Apoptosis is a fundamental cellular activity to maintain the physiological balance of the organism and plays a necessary role as a protective mechanism against carcinogenesis by eliminating damaged cells or cells that proliferate excessively (13). Knowing the background level of apoptotic cells throughout the drug discovery and screening process becomes increasingly important, as recent studies have found that natural and synthetic compounds affect apoptosis. Chemoprevention and chemotherapy, including the use of natural products, synthetic compounds, or dietary substances, are promising ways to stop or reverse the process of carcinogenesis. In this study, the inhibitory activity of the methyl esters and derivatives isolated from E. kansui and their effect on apoptosis and cell cycle distribution in the human gastric cancer cell line (SGC-7901) were evaluated by using trypan-blue, MTT (3-(4,5-dimethyl thiazol-2yl)- 2,5- diphenyltetrazolium bromide), and FCM (flow cytometry) assays. 5-fluorouracile (5-FU), the most widely used chemotherapeutic drug in clinical practice, was used for a positive control.

 

MATERIALS AND METHODS

Plant Materials

The plant Euphorbia kansui was collected in Tianshui, China, by the Gansu Provincial Medical Company in October 2003 and the voucher specimen was retained in our laboratory for future reference.
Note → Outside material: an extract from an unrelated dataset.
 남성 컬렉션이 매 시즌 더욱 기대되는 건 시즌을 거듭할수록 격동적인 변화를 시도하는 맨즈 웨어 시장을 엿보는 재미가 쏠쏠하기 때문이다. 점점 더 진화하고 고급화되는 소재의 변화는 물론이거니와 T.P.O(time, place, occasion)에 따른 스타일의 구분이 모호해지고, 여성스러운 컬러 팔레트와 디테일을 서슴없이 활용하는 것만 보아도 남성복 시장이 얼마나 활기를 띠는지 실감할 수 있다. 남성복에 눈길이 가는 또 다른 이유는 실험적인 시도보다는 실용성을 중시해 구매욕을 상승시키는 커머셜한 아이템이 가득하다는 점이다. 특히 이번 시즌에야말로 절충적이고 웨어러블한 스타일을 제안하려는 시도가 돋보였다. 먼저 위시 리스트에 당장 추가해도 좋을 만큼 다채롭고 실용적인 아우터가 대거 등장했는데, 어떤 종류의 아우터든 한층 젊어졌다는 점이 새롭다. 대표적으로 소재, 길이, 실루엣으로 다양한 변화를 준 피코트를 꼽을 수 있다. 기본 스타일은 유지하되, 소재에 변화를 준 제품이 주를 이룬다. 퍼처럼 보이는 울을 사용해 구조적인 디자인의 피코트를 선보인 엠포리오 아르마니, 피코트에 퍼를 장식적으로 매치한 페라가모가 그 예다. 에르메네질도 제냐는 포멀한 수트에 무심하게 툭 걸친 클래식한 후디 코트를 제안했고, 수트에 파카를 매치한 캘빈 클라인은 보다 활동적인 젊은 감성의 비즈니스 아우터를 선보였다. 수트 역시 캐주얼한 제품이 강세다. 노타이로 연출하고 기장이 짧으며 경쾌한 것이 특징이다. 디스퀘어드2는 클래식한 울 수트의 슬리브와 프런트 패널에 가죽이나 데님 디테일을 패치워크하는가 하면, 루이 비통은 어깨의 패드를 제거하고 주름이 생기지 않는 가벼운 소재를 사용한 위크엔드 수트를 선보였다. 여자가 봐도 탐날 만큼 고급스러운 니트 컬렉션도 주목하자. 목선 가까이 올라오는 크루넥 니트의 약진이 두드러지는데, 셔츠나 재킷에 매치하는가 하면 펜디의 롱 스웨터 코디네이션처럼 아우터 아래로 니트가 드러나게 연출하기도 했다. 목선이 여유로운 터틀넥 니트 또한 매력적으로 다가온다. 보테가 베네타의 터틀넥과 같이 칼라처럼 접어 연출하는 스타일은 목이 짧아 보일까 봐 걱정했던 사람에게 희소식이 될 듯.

To increase the overall extract yield, the air-dried roots of E. kansui (1 kg) were pulverized in a grinder and dissolved in acetone for 20 min at 60 ^oC. After filtration, the solid residue was soaked in 2% tartaric acid and incubated at room temperature for 30 min. The resulting fluid was extracted with ethanol-chloroform (1:1). The extract was then mixed with 2% Na₂CO₃ and 100% ethanol, concentrated under reduced pressure, and lyophilized to yield 127.3 g light yellow extract. The extract was purified by HPLC method and the chemical constituents were identified by gas chromatography-mass spectrometry (GC-MS). 

Cell Cultures

The human gastric SGC-7901 cell line was obtained from the Shanghai Institute of Cell Biology, the Chinese Academy of Sciences, which provides SGC-7901 for research for a long time. Cells were routinely maintained at 37 ^oC in 5% CO₂ as subconfluent monolayers in 20 ml culture flasks in the laboratory of Lanzhou Army Hospital in China. Prior to treatment, the cells were cultured in RPMI 1640 medium supplemented with 10% fetal bovine serum (FBS), 2% penicillin-streptomycin, and 1% L-glutamine overnight. The experimental procedure was approved by the Chinese Academy of Medical Sciences, China.

Biological Assays

Live-cell cultures are dynamic, and the proportion of viable, dead, and apoptotic cells continuously fluctuates as a culture grows. Several assays were employed to evaluate cell health at various times during screening, including trypan-blue, MTT, and FCM. The solvent control contained dimethyl sulfoxide (DMSO) at a concentration less than 0.003%. 5-FU and PBS (phosphate buffered saline) were used as positive and negative controls, respectively.

1) Trypan-blue assay

To screen the proportion of apoptotic cells during the time course of screening, cells at a concentration of 1.0*10⁵ cells/ml were plated into 5 disposable 96-well culture plates, containing 180µl of growth medium per well. After 24 h incubation at 37 ^oC in an incubator supplemented with 5% CO₂, 20 µl of PBS, 5-FU (10µg/ml), or the extract of E. kansui at doses of 0.1, 1.0, and 10.0µg/ml were applied to 16 wells of each plate, respectively. 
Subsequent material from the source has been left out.